Joe Cain Society says fest is kaput
The Joe Cain Society’s procession is history, event organizers say.
“It’s all over,” Ruth Poulter, secretary of the Joe Cain Society of California, said Monday.
She spoke after the Nevada City Chamber of Commerce – the event sponsor – opposed a ban on the consumption of alcohol on city streets during future Joe Cain processions at Monday’s City Council meeting.
Society representatives asked the City Council to impose such a ban, but the council took no action, saying it couldn’t resolve the conflict between the chamber and society.
The next procession was scheduled for March 2, 2003.
Society directors, who want the parade to be a family event, argued for the ban after 14 people were arrested for drunkenness during last February’s celebration.
Curt Colagross, one of the founders of the Joe Cain event and the society’s current treasurer, said Tuesday he is concerned about members’ future liability if open containers remain a part of the celebration.
Under current city rules, people can drink alcohol in the historical district during Joe Cain festivities and other chamber sponsored public events.
If the city were to ban open alcohol containers during the Joe Cain procession, the chamber would withdraw its request to close the street for the event, chamber President David Vertin told the City Council Monday. The event would no longer be insured under the chamber’s policy, Vertin added.
Alcohol is not the problem, chamber representatives said. Unruly people are.
“We love the event. We just differ on how to take care of the problem,” Vertin said.
All chamber-sponsored events should operate under the same rules so as not to confuse the public, said Vertin. The chamber sponsors Joe Cain Day, the Fourth of July Parade, Constitution Day, the Nevada City Bicycle Classic, Summer Nights, Victorian Christmas and other events.
As a compromise, chamber members said the city should impose a ban on glass containers and ask that rooftops and balconies be off-limits to members of the general public.
Chamber members and business owners would also agree to pay up to $2,000 to pay for 10 additional police officers to patrol the streets during the procession. In addition, all publicity would include a statement spelling out a zero-tolerance policy for unruly spectators, they said.
Present at Monday’s City Council meeting were Mayor David McKay and Councilmen Conley Weaver and Steve Cottrell.
Cottrell suggested that society directors operate independently from the chamber, request the street closure for the procession, and ban open alcohol containers during the procession.

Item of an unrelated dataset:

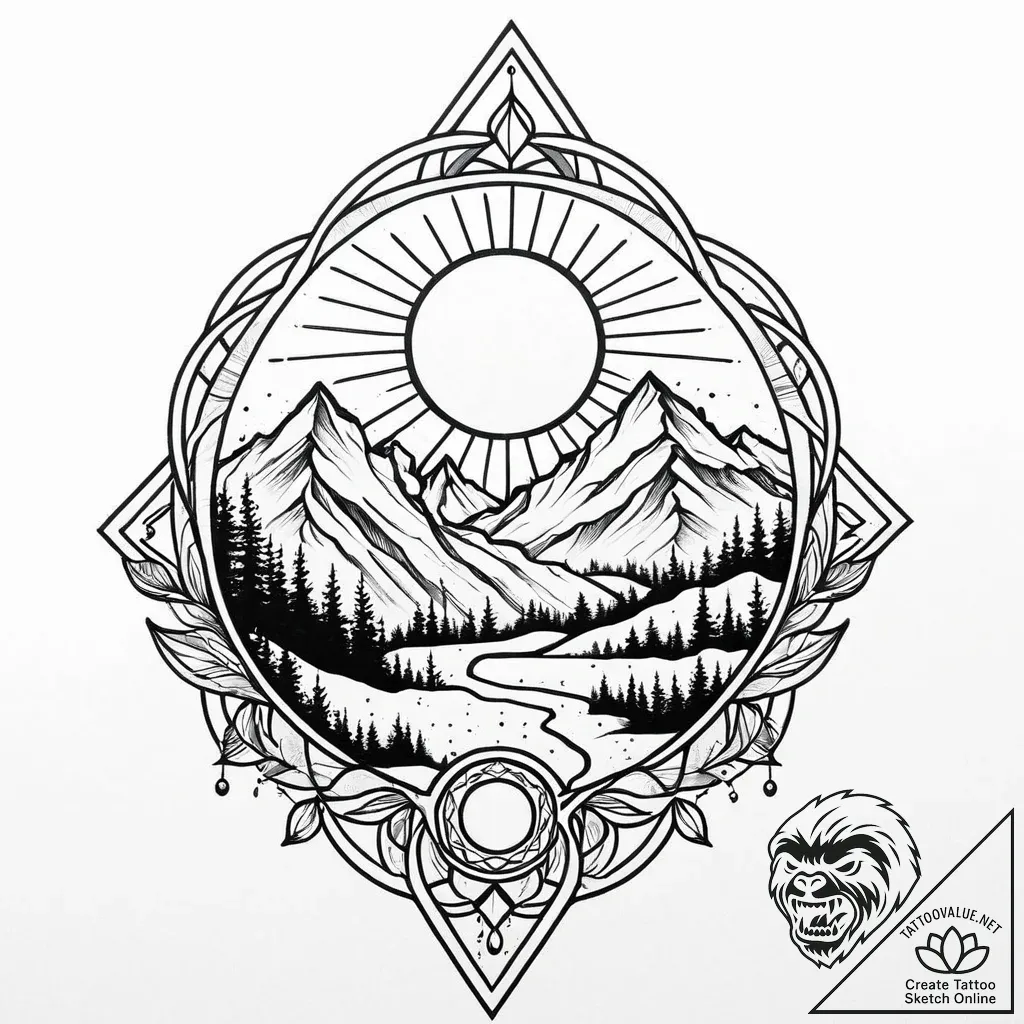 This neo-traditional sketch unfolds like a miniature cosmos, where jagged mountain peaks pierce a sky illuminated by a radiant, sun-like orb. The linework is crisp and deliberate, reminiscent of intricate Art Nouveau illustrations, creating a landscape that feels both grounded and ethereal. The composition, framed by geometric and organic flourishes, evokes a sense of majestic tranquility and the dawn of new beginnings.
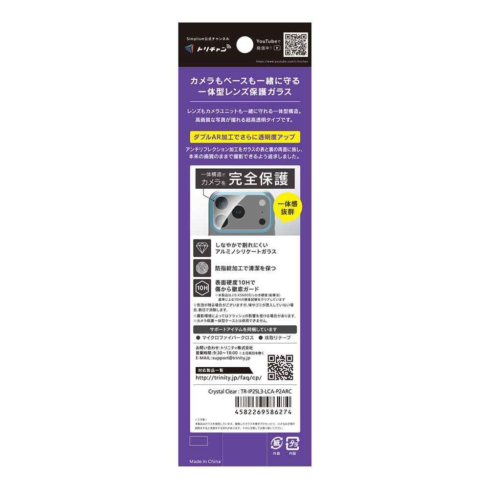 レンズもカメラユニットも一緒に守れる、一体型構造のレンズ保護ガラスです。

But Poulter said after the meeting the society wants to continue to work with the chamber in part because the community is so small.
Chamber members donate $500 annually to the Joe Cain festivities and sell tickets for the annual Joe Cain masquerade ball.
Cottrell appealed to Poulter and the society Tuesday to find a solution to the current impasse and hold the event.
Joe Cain Day, named after a Confederate soldier who brought Mardi Gras back to Mobile, Ala., has been a Nevada City tradition since 1992.